Neubeuern – Nun ja, die Sache entbehrt nicht einer gewissen Peinlichkeit. Da legt sich das Bürgerforum Inntal aus Neubeuern mächtig ins Zeug und will exemplarisch gegen die Bahn vors Bundesverfassungsgericht ziehen. Der kleine David bietet quasi dem großen Goliath die Stirn. Grund: Die Gemeinde Neubeuern will die Bahn nicht probebohren lassen.
Und nun wird’s kurios: Plötzlich findet sich in einer gemeindlichen Schublade ein Gutachten zu Bodenuntersuchungen an genau jener Stelle, an der die Bahn probebohren wollte.

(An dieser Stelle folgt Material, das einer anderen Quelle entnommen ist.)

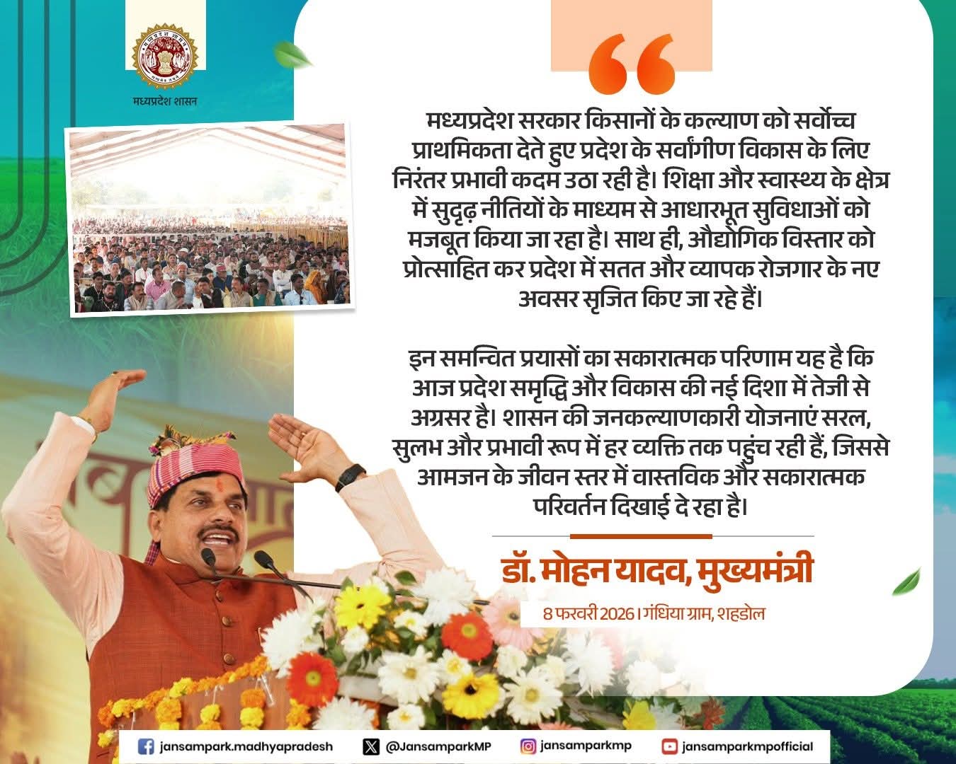 मध्यप्रदेश सरकार किसानों के कल्याण को सर्वोच्च प्राथमिकता देते हुए प्रदेश के सर्वांगीण विकास के लिए निरंतर प्रभावी कदम उठा रही है। शिक्षा और स्वास्थ्य के क्षेत्र में सुदृढ़ नीतियों के माध्यम से आधारभूत सुविधाओं को मजबूत किया जा रहा है। साथ ही, औद्योगिक विस्तार को प्रोत्साहित कर प्रदेश में सतत और व्यापक रोजगार के नए अवसर सृजित किए जा रहे हैं।

Die Bahn sagt dazu lapidar: Diese Bodenuntersuchungen aus 2017 durch ein Rosenheimer Büro genügen uns. Also keine Bohrung, keine Klage und kein Bundesverfassungsgericht. Da reibt sich der Bürger verwundert die Augen.
Fast ein wenig enttäuscht zeigte sich gestern Martin Schmid, Zweiter Bürgermeister der Inntalgemeinde und Sprecher des Bürgerforums, das sich gegen den Ausbau des Brenner-Nordzulaufs mit einem dritten und vierten Gleis stellt. Er hätte, so spürt man im Gespräch, die Bahn gerne vor ein Gericht gezogen. Denn dann hätte die Bahn Farbe bekennen und sich zu den erwarteten Verkehrszahlen äußern müssen, meint Schmid. Gewissermaßen schwarz auf weiß.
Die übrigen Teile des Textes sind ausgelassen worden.